The Kakimizu Complex for a knot K \subset S^3 is what you get by taking the definition of the curve complex for a surface and replacing loops in the surface with minimal genus Seifert surfaces for K. It consists of a vertex for each isotopy class of minimal genus Seifert surface for K with edges connecting any two vertices with disjoint representatives, and simplices spanning larger collections of pairwise disjoint surfaces. This complex turns out to be contractible [1] and for atoroidal knots, it’s finite [2]. But something I found quite surprising is an example by Jessica Banks [3] whose Kakimizu complex is locally infinite.  This knot is relatively simple and you can see a picture of it below the fold.

The knot K is a satellite over the trefoil with the property that inside the solid torus defined by the trefoil, K is homologically trivial. (Correction: In Bank’s minimal example, there is one fewer full twists in the band between the parallel trefoils.)  That means that it has a Seifert surface contained in the solid torus (shown on the right). But it also has a minimal genus Seifert surface that cuts through the solid torus (shown on the left). In the picture, the colors indicate the two “sides” of the Seifert surface.

If you take the correct Haken sum of the surface on the left with a copy of the incompressible torus, you get a new minimal genus Seifert surface that is disjoint from the two surfaces shown here.
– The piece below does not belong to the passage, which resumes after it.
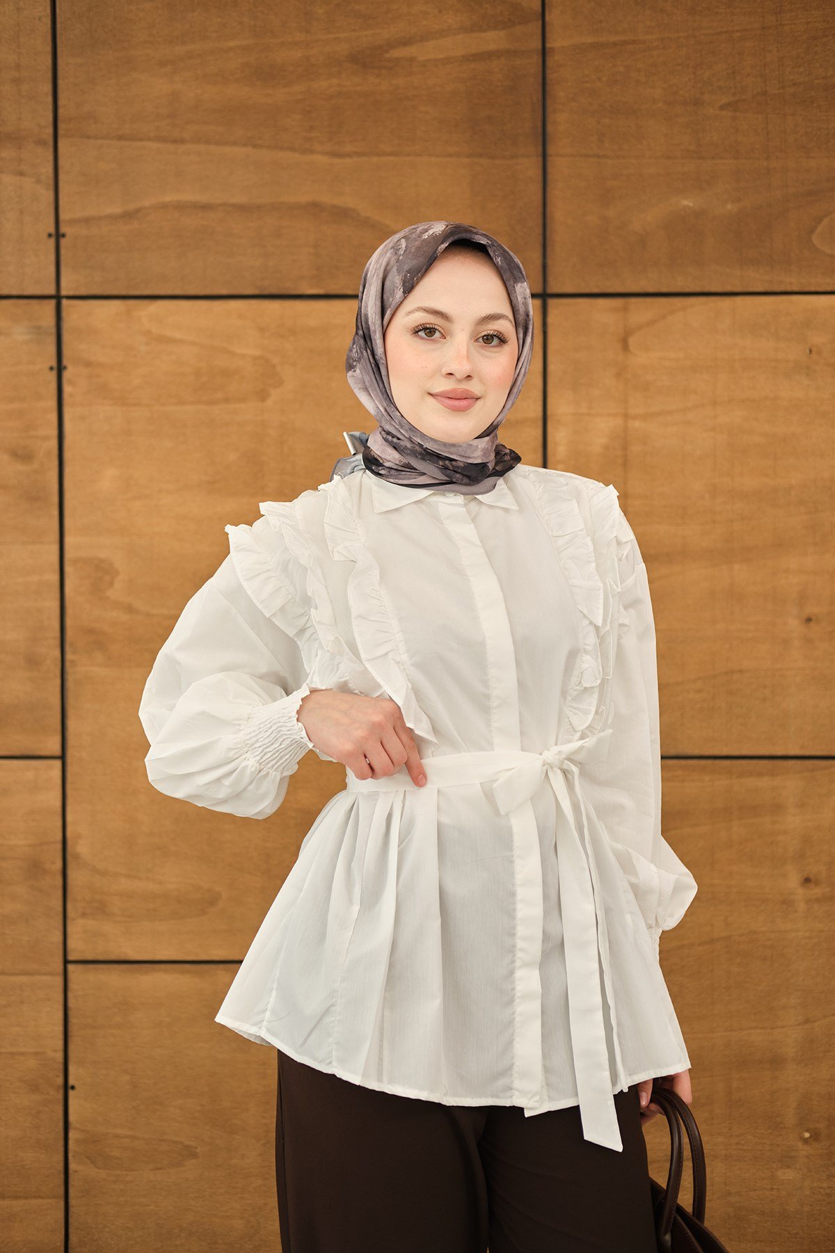 Fırfır Detaylı Gömlek Beyaz
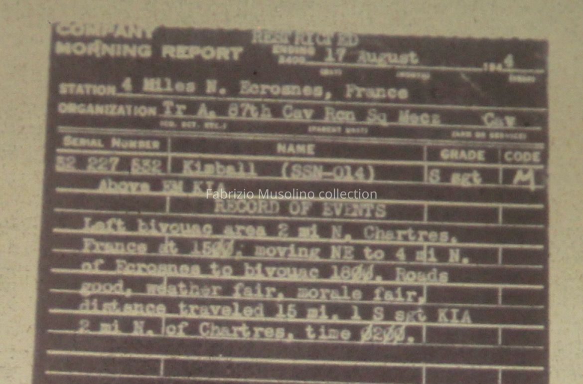 Staff Sergeant Bruce N. Kimball (ASN: 32227532) was killed in action on August 17th, 1944, near Chartres.

If you Haken sum the resulting surface with a second copy of the incompressible torus, the new surface will intersect the original surface on the left non-trivially, but will be disjoint from the surface on the right.

If you continue taking Haken sums, all the resulting surfaces will be disjoint from the original surface shown on the right. This follows from the fact that the right surface is disjoint from the incompressible torus. Banks shows that the Haken summed surfaces are isotopically distinct, so in the Kakimizu complex the vertex corresponding to the surface on the right has infinitely many edges coming out of it. The portion of the Kakimizu complex spanned by these surfaces is isomorphic to a cone over the line with edges between consecutive integers. (Correction: After a brief e-mail discussion with Jessica Banks, I think this statement is incorrect.  It seems that the complex for this knot is a cone over infinitely many discrete points, but I’m still worried I’m missing something.)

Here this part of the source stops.